Anzitutto, occorre sottolineare
che l’efficacia self-executing non può essere valutata in
relazione al trattato nel suo complesso, come fatto tanto dalla Consulta quanto
dalla Corte di giustizia, ma avendo riguardo alla singola norma rilevante
[Condorelli 1974, 34-37]. A questo proposito, la circostanza, evocata dalla Corte di
giustizia, per cui la Convenzione conterrebbe una «clausola di esecuzione», che
impegna le Parti Contraenti ad adottare tutte le misure necessarie per darvi
attuazione (ovvero: l’art. 4), è del tutto inconferente. Tali clausole, lungi
dall’implicare ipso iure la necessità di provvedimenti di
attuazione sul piano interno, si limitano a ribadire «la volontà e l’aspettativa del
trattato di... essere applicato» [Conforti e Iovane 2023, 363].
D’altra parte, è lo stesso
testo dell’articolo 4 a suggerire una diversa lettura. La lett.

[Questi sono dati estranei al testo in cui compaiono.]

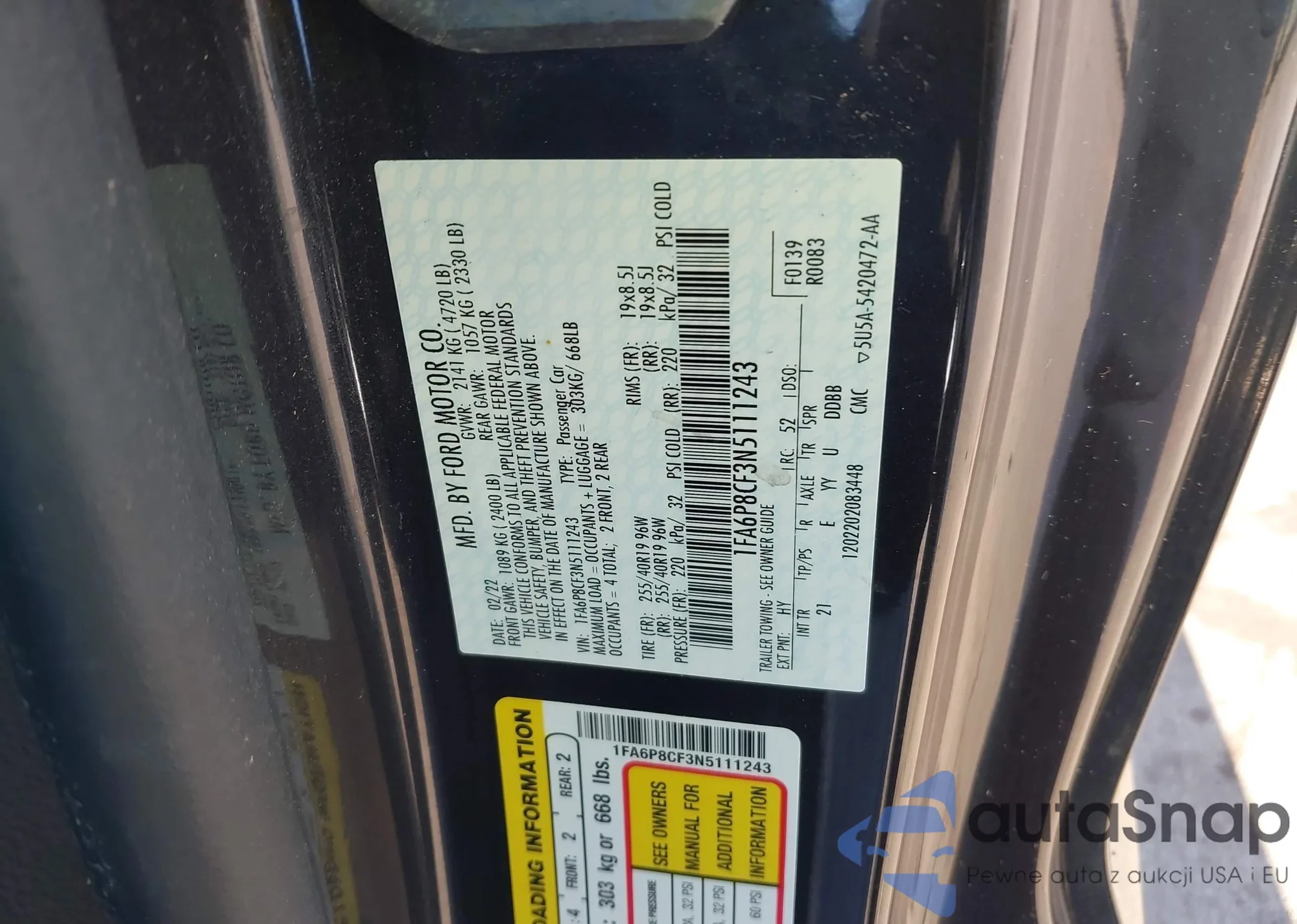 • VIN 1FA6P8CF3N5111243

a), richiamata dalla Corte di giustizia, ad esempio, fa
riferimento all’obbligo delle Parti Contraenti di adottare, unitamente alle
«appropriate misure legislative [e] amministrative», anche «altre misure» –
un’espressione sufficientemente ampia da poter includere interventi dell’autorità
giurisdizionale. Analogamente, la lett. b) impone di «prendere
tutte le misure appropriate, compresa la legislazione, per
modificare o abrogare qualsiasi legge esistente, regolamento, uso e pratica che
costituisca discriminazione nei confronti di persone con disabilità» (corsivo
aggiunto). L’adozione di atti legislativi, dunque, è solo una delle possibili misure
che possono essere intraprese per rimuovere norme e prassi di carattere
discriminatorio, potendosi ottenere lo stesso risultato
¶{p. 290}con
una pronuncia di incostituzionalità della legge discriminatoria (nonché, nel caso in
cui la discriminazione sia operata per via regolamentare o di fatto, con
l’accertamento della sua illegittimità da parte dei giudici comuni).
Note
[21] Corte di giustizia, sentenza del 4 luglio 2013, causa 312/11, Commissione c. Italia.
[22] Significativamente, nel caso di specie, Giudice Relatore era Maria Rita Saulle, che di questi temi si è ampiamente occupata sia in ambito accademico che istituzionale.
[23] D.P.R. n. 670, del 31 agosto 1972.
[24] Corte di giustizia (Grande Sezione), sentenza del 18 marzo 2014, causa 363/12.